Wednesday, April 24, 2024

I could have watched an entire movie of the “Diamonds” scene that shows up about halfway through “Girlhood.” It’s so infectious and speaks so exuberantly to the film’s themes of friendship and female adolescence that even though I loved the film as a whole, that’s the scene I’ll remember and the one I’ve kept recalling since finishing the film. It begins with one character staring directly into the camera, breaking the fourth wall and lip-syncing until two other supporting characters walk into the frame. This all builds until our lead joins them, careless and youthful and singing with her friends as their voices begin to intercut with Rihanna’s, and we get a peek inside a moment of unrestrained freedom for these young women.

050715i Local Focus GirlhoodIt’s one of the few moments where our lead Marieme (Karidja Touré) gets to act her age and let go of the weight of her real-world burdens. Marieme lives in an abusive home where her mother is rarely around and she must look over her two younger sisters, shielding them from her violent older brother. She’s stuck in a dead-end situation with little educational or career opportunities and lives in a neighborhood where men’s opinions are the law of the land. One day Marieme comes across three free-spirited, beautiful girls. Our lead latches on and joins in with them. They welcome her into a life of petty crime and violence, and as she becomes more entranced by them she grows into herself, creating a more demanding persona than the playful and shy character we began with. The scenes of violence – such as a raw showdown between Marieme and an opposing group leader – juxtaposed with youthful activities playing mini golf or splashing around in a water fountain reminds us how quickly these girls are forced to grow up.
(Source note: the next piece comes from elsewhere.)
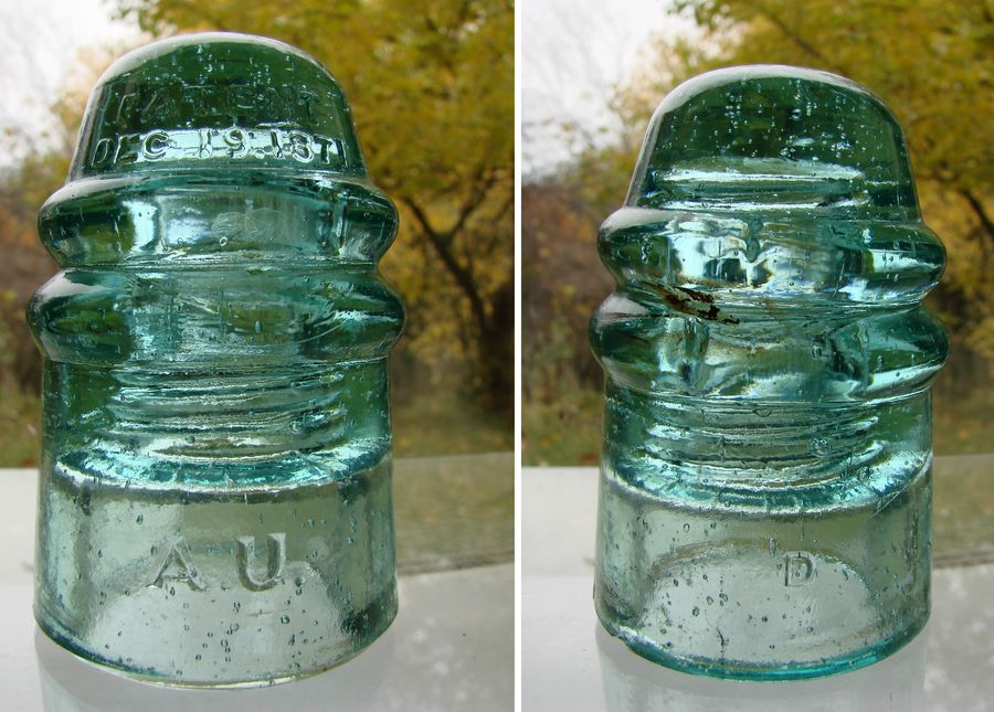 a CD 121.4 {dome} PATENT / DEC 19. 1871 {front skirt} A.U. {rear skirt} D . in Lt Green with seed bubbles. $70. + postage.

Touré is quietly moving in the film and each of the four girls, all newcomers, deliver charming performances. Assa Sylla as Lady is a highlight, gifted with a fantastic screen presence and captivating to the point where I could have watched an entire second film dedicated to her point of view. All of these characters have stories worth telling.

Written and directed by Céline Sciamma (she also did the fantastic 2011 “Tomboy”), the script of “Girlhood” is littered with moments of remarkable female agency. Girls are the film’s focus, and she celebrates them. The opening moments, in which girls walk onto a football stadium and fight and play and vocalize their excitement, is self-indulgent – but so celebratory it hardly matters. A scene in the middle of the film where our lead explores her sexuality with her boyfriend and turns a classic power complex on its head is equally riveting, allowing the rare female gaze to take place in the film. The message is clear: This is a story about women and how they love and how they fight and the friendships they make.

https://www.youtube.com/watch?v=NsBRg2fs_3U

The comparison to Richard Linklater’s “Boyhood” is almost too easy to make. If anything, “Girlhood” is more refreshing because of how seldom we see a female’s perspective in film so intimately and honestly, privy to moments of joy such as the “Diamonds” sequence as well as moments of fear. Coming-of-age stories with a male lead are common in film – as is the male point of view, period, and “Girlhood” displays a female perspective proudly in a familiar genre.

Sciamma and cinematographer Crystel Fournier shot the film in tight and personal shots, so Marieme’s on the inside looking out, either in the foreground with the landscape of her city obscured behind her or blurred as the city comes into sharper contrast and overwhelms the screen. She’s stuck, this much is obvious, and never more so than when we see what she so desperately wants. Take a scene that lingers on Marieme’s face as she shares a bed with her three friends after a night of freedom, peaceful and content, then a moment where she is at home as her brother lies on the couch behind her with a threatening arm around her neck. Marieme’s home is in shambles and she’s trying to find a purpose, a sense of self and a makeshift family elsewhere.

“Girlhood” sticks – it’s a moving film and does little to sugarcoat the situations these girls are in, especially Marieme, but it never gets bleak. Like Sciamma’s “Tomboy,” which looked delicately at gender identity in childhood, “Girlhood” manages to keep an edge of hope even when the hurdles placed in front of the characters seem impossible to overcome.